• _To do_
Your response to the data below should hold nothing except the lines from the one containing "Inside, the apartment" down to the one containing "Луна над темным", reproduced exactly and without pictures.

• _Exercise input_
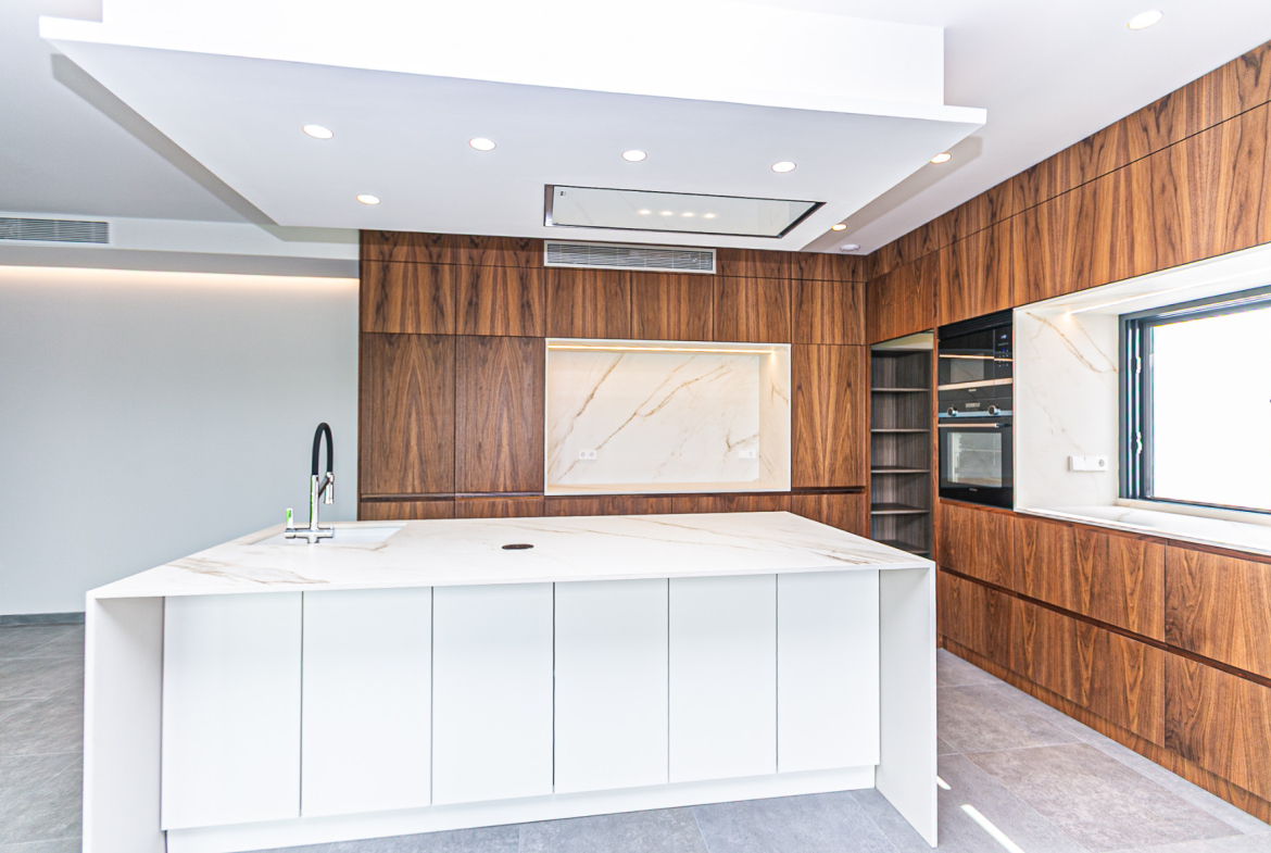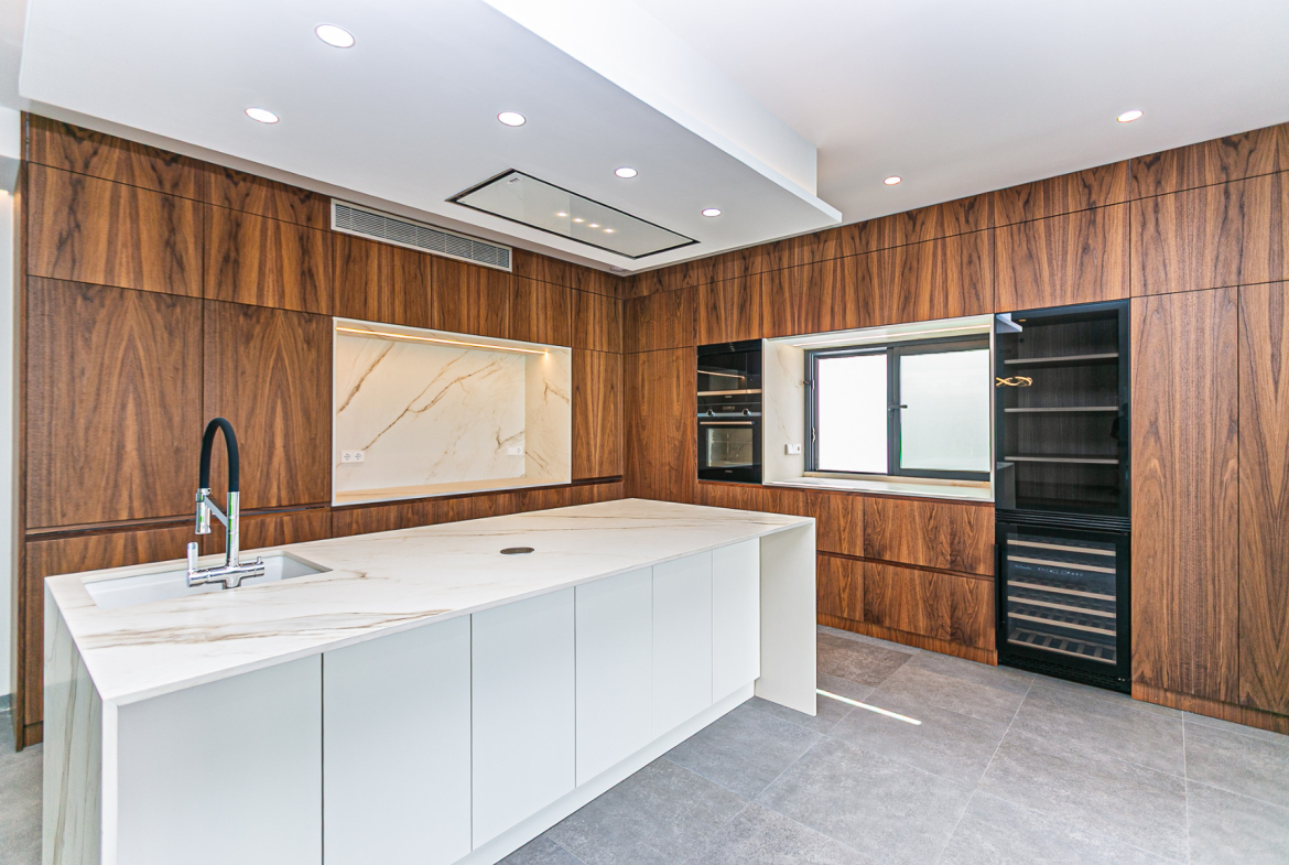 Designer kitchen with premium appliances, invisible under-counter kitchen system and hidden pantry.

==

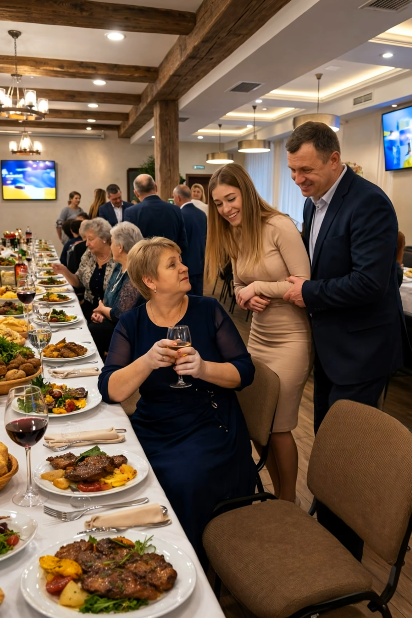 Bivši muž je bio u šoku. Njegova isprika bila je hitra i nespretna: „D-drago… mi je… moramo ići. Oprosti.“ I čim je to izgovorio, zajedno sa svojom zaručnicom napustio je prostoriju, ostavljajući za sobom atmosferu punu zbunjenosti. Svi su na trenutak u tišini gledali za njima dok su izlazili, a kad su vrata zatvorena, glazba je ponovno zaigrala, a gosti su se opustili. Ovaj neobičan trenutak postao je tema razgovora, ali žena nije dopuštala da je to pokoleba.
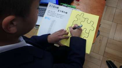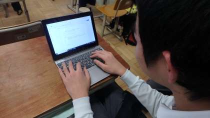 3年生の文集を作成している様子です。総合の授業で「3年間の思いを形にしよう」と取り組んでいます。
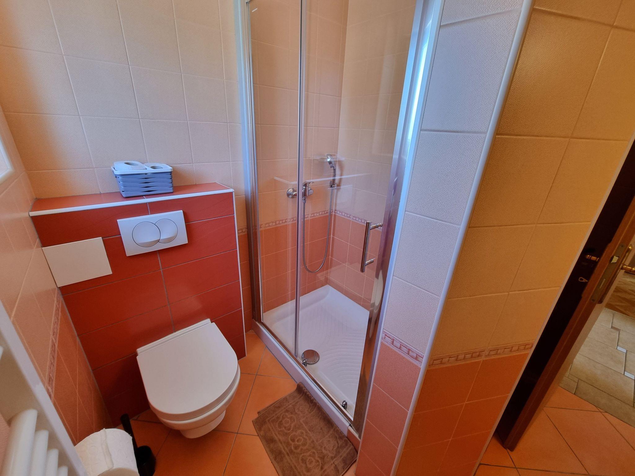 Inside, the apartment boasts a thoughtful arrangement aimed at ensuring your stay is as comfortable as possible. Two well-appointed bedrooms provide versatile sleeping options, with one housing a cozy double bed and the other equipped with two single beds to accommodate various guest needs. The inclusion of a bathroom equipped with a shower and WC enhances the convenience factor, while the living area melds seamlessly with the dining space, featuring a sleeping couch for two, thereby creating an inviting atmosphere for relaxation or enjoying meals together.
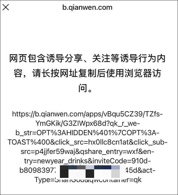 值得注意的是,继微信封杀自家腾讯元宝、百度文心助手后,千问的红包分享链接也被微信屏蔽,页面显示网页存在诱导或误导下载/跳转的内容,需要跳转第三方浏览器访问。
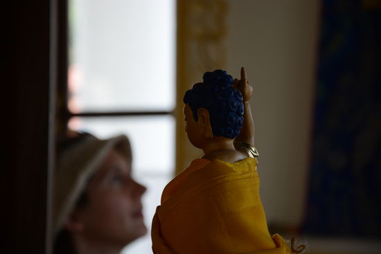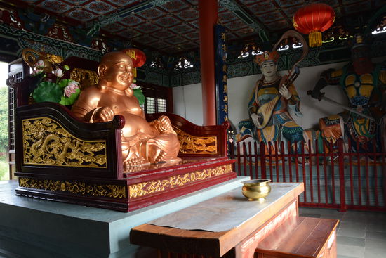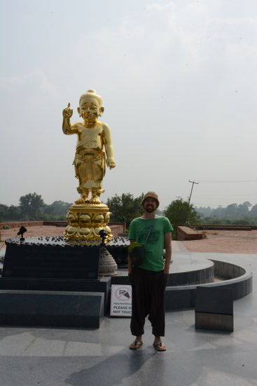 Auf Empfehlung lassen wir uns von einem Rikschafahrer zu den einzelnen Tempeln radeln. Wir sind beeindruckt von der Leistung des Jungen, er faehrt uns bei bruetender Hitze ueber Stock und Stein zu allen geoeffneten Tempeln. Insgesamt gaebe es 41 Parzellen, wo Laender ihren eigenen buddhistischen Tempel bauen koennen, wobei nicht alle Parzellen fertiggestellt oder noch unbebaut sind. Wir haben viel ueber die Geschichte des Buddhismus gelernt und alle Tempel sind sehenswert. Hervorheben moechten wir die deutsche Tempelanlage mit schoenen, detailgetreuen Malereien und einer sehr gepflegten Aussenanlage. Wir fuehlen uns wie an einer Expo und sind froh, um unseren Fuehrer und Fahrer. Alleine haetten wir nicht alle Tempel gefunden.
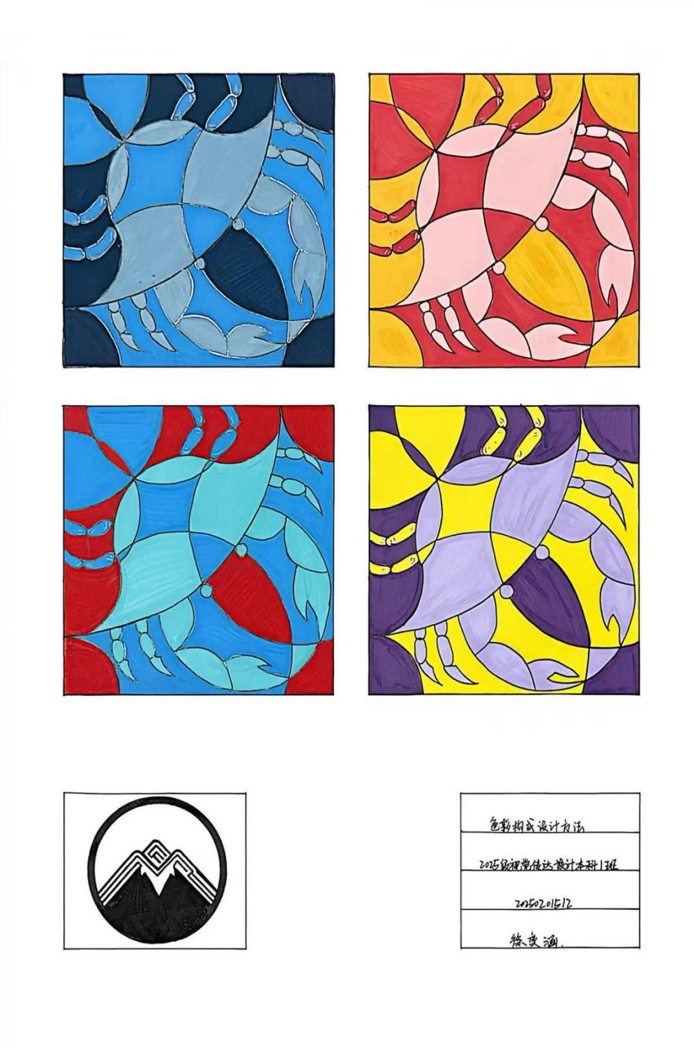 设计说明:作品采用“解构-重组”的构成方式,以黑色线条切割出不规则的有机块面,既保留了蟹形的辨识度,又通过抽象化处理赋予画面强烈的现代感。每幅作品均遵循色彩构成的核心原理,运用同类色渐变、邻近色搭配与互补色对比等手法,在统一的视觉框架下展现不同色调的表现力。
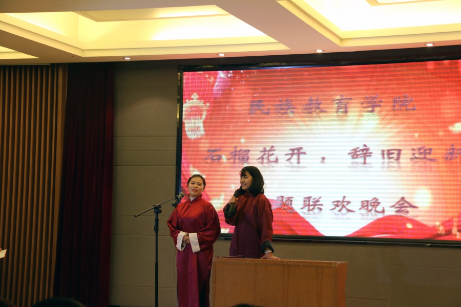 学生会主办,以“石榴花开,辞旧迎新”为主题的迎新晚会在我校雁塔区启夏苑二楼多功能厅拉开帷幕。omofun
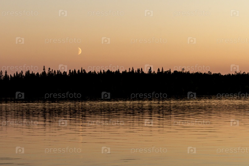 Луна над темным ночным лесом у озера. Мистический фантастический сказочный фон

• _Response area_
 Inside, the apartment boasts a thoughtful arrangement aimed at ensuring your stay is as comfortable as possible. Two well-appointed bedrooms provide versatile sleeping options, with one housing a cozy double bed and the other equipped with two single beds to accommodate various guest needs. The inclusion of a bathroom equipped with a shower and WC enhances the convenience factor, while the living area melds seamlessly with the dining space, featuring a sleeping couch for two, thereby creating an inviting atmosphere for relaxation or enjoying meals together.
 值得注意的是,继微信封杀自家腾讯元宝、百度文心助手后,千问的红包分享链接也被微信屏蔽,页面显示网页存在诱导或误导下载/跳转的内容,需要跳转第三方浏览器访问。
 Auf Empfehlung lassen wir uns von einem Rikschafahrer zu den einzelnen Tempeln radeln. Wir sind beeindruckt von der Leistung des Jungen, er faehrt uns bei bruetender Hitze ueber Stock und Stein zu allen geoeffneten Tempeln. Insgesamt gaebe es 41 Parzellen, wo Laender ihren eigenen buddhistischen Tempel bauen koennen, wobei nicht alle Parzellen fertiggestellt oder noch unbebaut sind. Wir haben viel ueber die Geschichte des Buddhismus gelernt und alle Tempel sind sehenswert. Hervorheben moechten wir die deutsche Tempelanlage mit schoenen, detailgetreuen Malereien und einer sehr gepflegten Aussenanlage. Wir fuehlen uns wie an einer Expo und sind froh, um unseren Fuehrer und Fahrer. Alleine haetten wir nicht alle Tempel gefunden.
 设计说明:作品采用“解构-重组”的构成方式,以黑色线条切割出不规则的有机块面,既保留了蟹形的辨识度,又通过抽象化处理赋予画面强烈的现代感。每幅作品均遵循色彩构成的核心原理,运用同类色渐变、邻近色搭配与互补色对比等手法,在统一的视觉框架下展现不同色调的表现力。
 学生会主办,以“石榴花开,辞旧迎新”为主题的迎新晚会在我校雁塔区启夏苑二楼多功能厅拉开帷幕。omofun
 Луна над темным ночным лесом у озера. Мистический фантастический сказочный фон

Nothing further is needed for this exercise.